EDTA plasma (Purple Top)
Minimum volume: 3 mL
Upright: 103 – 1197 pmol/L
Supine: 103 – 859 pmol/L
ARR >30 pmol/mIU is suggestive of primary hyperaldosteronism (aldosterone is usually >400 pmol/L)
Referral test – within 2 weeks
Sample is unstable and should be sent to laboratory immediately to be separated and frozen.
Unrestricted dietary salt intake day before test
Discontinue anti-hypertensives that may interfere with interpretation of test for at least 4 weeks (e.g. spironolactone, amiloride, K+ wasting diuretics)

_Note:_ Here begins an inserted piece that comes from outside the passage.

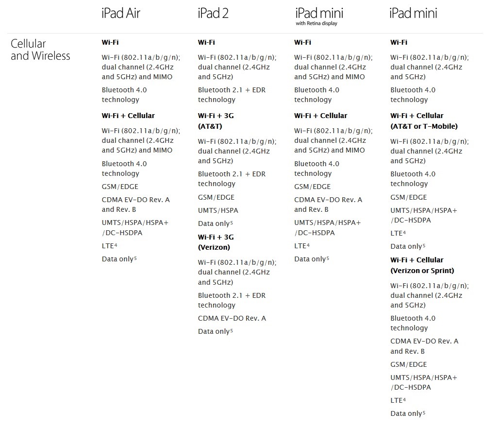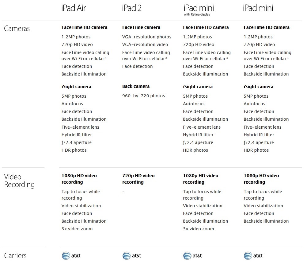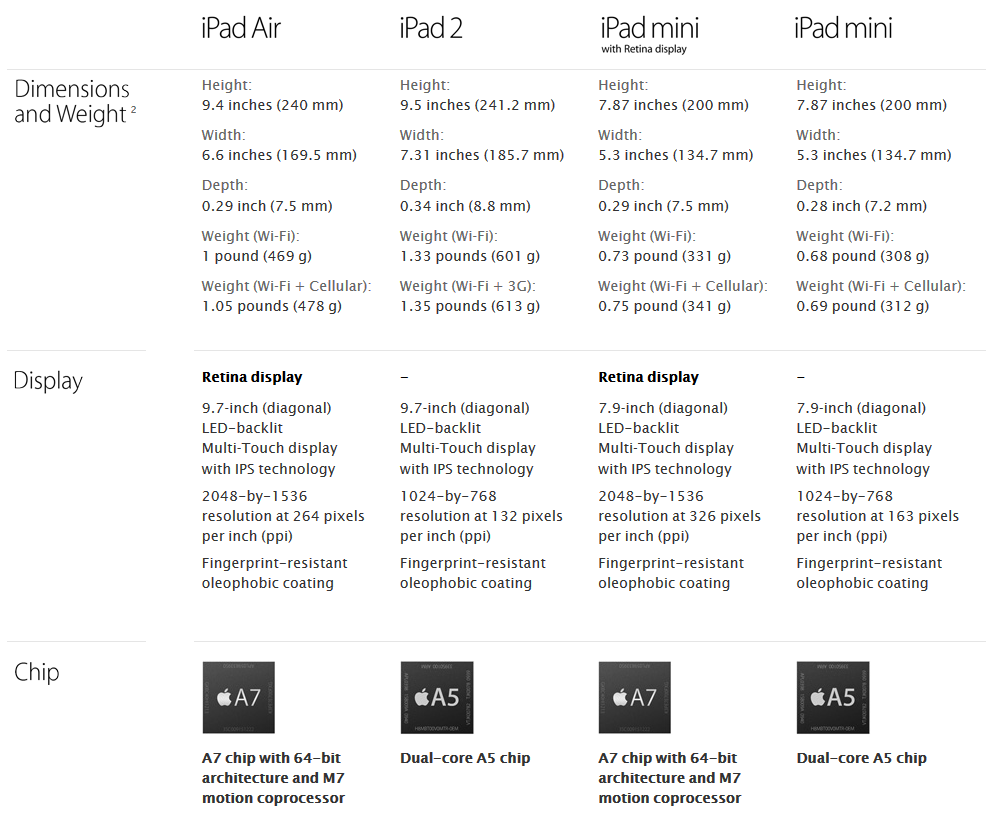 想要找iPad Air和iPad Mini之间的区别,找了半天,最后发现,还是官网解释的清楚: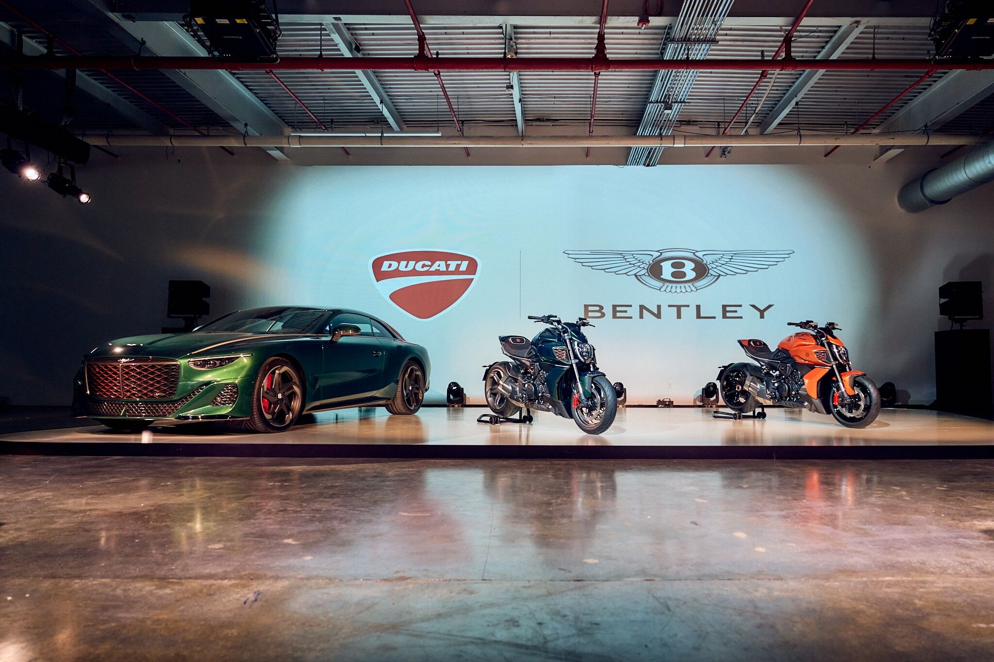 Ducati e Bentley hanno annunciato una nuova moto in edizione limitata che celebra il meglio di entrambi i marchi: il Ducati Diavel for Bentley. Nato dalla collaborazione fra le due Case, questo progetto unisce Ducati a Bentley in un’affinità di visione fatta di performance, cura artigianale ed esclusività. Il risultato è una sintesi sorprendente di tecnologia, stile e prestazioni capace di far sognare gli appassionati. La moto è stata svelata al pubblico con un evento fuorisalone nel contesto della settimana di Art Basel a Miami Beach, l'edizione oltreoceano della fiera d'arte più prestigiosa del vecchio continente. Sulla sofisticata base tecnica del Diavel V4, performante e confortevole, Ducati ha integrato numerosi elementi di stile caratterizzanti della Batur, modello prodotto in serie limitatissima che anticipa le future tendenze stilistiche Bentley, creando una moto unica per ricercatezza e design. Il Diavel for Bentley sarà realizzato in serie numerata e limitata a 500+50 esemplari, questi ultimi riservati ai clienti Bentley. Il Centro Stile Ducati, in collaborazione con i designer Bentley, ha creato un design nuovo per questa moto speciale, traendo ispirazione dalla Batur da cui riprende innanzitutto le linee orizzontali della vista laterale. Il colore Scarab Green, disponibile solo sulle Bentley Mulliner, è sofisticato e raffinato, ricco di sfumature metallizzate e viene utilizzato su tutta la carrozzeria. Le linee decise e aggressive del Diavel V4 risultano profondamente riviste anche grazie ai nuovi componenti tecnici. I cerchi forgiati, sviluppati esclusivamente per questa moto, hanno lo stesso design di quelli dell’auto e vengono anche qui verniciati con lo stesso Dark Titanium Satin lasciando a vista alcune superfici con lavorazioni di macchina. Le griglie delle prese d’aria riprendono la calandra bicolore, uno degli elementi più riconoscibili della Batur mentre gli estrattori posteriori triangolari si rifanno ai corrispondenti elementi posizionati sopra al brancardo della vettura. Il parafango anteriore ed il top serbatoio ripropongono le nervature sul cofano, il piccolo cupolino si ispira all’innesto del parabrezza sul cofano mentre il codino monoposto, che può venire sostituito con la sella passeggero, riprende il concetto del doppio layer dell’estrattore posteriore dell’auto. Molte delle componenti delle sovrastrutture sono realizzate in pregiata fibra di carbonio (parafanghi, palpebra fanale, cover motore, scarico e radiatore, convogliatori, puntale, fianchetti, codino). La sella del pilota, in Alcantara nero ed ispirata agli interni della vettura, è realizzata con una lavorazione di precisione che lascia intravedere il tessuto rosso sottostante, adottando la stessa texture dei sedili della Batur e con il logo Bentley ricamato sul cuscinetto posteriore. Lo scarico a doppia uscita, con la relativa cover, è stato ridisegnato per armonizzarsi alle linee raffinate della moto. Batur è l’auto di serie più potente mai realizzata da Bentley , spinta da un motore W12 biturbo da 740 cavalli, di cui solamente 18 esemplari verranno realizzati artigianalmente da Bentley. Soprattutto, la Batur unisce la cura artigianale tipica del brand inglese a una carrozzeria dalle linee filanti ma al contempo muscolose e massicce che definisce un nuovo DNA di design Bentley, anticipando nuove direzioni per lo stile della Casa. Il suo design comunica grande potenza ed eleganza, privo di ostentazione o eccessi. I 18 esemplari della Batur verranno realizzati artigianalmente, uno per uno, da Mulliner, la carrozzeria più antica del mondo, che realizza internamente a Bentley le auto speciali. In aggiunta ai 500 esemplari di Diavel for Bentley, Ducati propone inoltre una serie di soli 50 esemplari, denominata Diavel for Bentley Mulliner , dal nome del reparto dove vengono realizzate le auto speciali e le one-off Bentley. I 50 Diavel for Bentley Mulliner saranno disponibili esclusivamente per altrettanti clienti Bentley, che attraverso una collaborazione diretta con i designer del Centro Stile Ducati, potranno configurare il proprio Diavel for Bentley Mulliner con diversi colori per sella, pinze freno anteriori, parti in fibra di carbonio e cerchi. Potranno inoltre scegliere per le parti di carrozzeria lo stesso colore della propria auto oppure uno fra quelli della esclusiva palette selezionata dai designer della Casa di Crewe. Il Diavel for Bentley, come tutte le Ducati da collezione, viene consegnato con il certificato d’autenticità, la sella passeggero, una sella pilota alternativa e il telo coprimoto. Il nome del modello e il numero progressivo dell’esemplare vengono riportati su una targhetta inserita nella cover in fibra di carbonio della testata verticale , sul lato destro della moto. Sia il cruscotto, dotato di serie di navigatore turn-by-turn, che la matrice di LED del gruppo ottico posteriore propongono al key-on un’animazione speciale che rende ancora più inconfondibile il Diavel for Bentley. Infine, ciascun Diavel for Bentley sarà consegnato in un’esclusiva cassa in legno personalizzata. La collaborazione fra le due Case ha portato anche alla creazione di una Capsule Collection, riservata ai possessori di Diavel for Bentley, che permette di completare il proprio look con un casco jet e un giubbotto tecnico (disponibile sia in versione maschile che femminile) in edizione limitata, caratterizzati da uno schema colori che riprende quello della moto. Il Diavel for Bentley adotta il motore V4 Granturismo da 1.158 cm3 , elemento centrale del suo design e allo stesso tempo scelta tecnica di grande raffinatezza. Potente (168 CV), ricco di coppia ma anche estremamente leggero e compatto, è allo stesso tempo fluido, regolare e sfruttabile fin dai regimi più bassi. L’ordine di scoppio Twin Pulse, insieme all’impianto di scarico dedicato, caratterizzano in modo inconfondibile il timbro dello scarico.

Correct any underlying hypokalaemia if possible
Before sample collection, patient should be ambulant for 2 hours and then seated for 5-15 minutes
Aldosterone is a mineralocorticoid produced by the adrenal cortex which acts to maintain blood pressure and extracellular fluid volume. Aldosterone is secreted in response to decreased blood pressure and extracellular fluid volume via activation of the renin-angiotensin-aldosterone pathway. Aldosterone promotes the renal absorption of sodium in exchange for potassium, resulting in retention of water.
Inappropriately high levels of aldosterone can result in hypertension, known as primary hyperaldosteronism (Conn’s syndrome). Therefore, measurement of aldosterone, usually in addition with renin to calculate the aldosterone renin ratio (ARR), is used in the investigation of drug-resistant hypertension to screen for Conn’s syndrome. Further testing, such as a saline suppression test, should be used in the event of a raised ARR to confirm the diagnosis.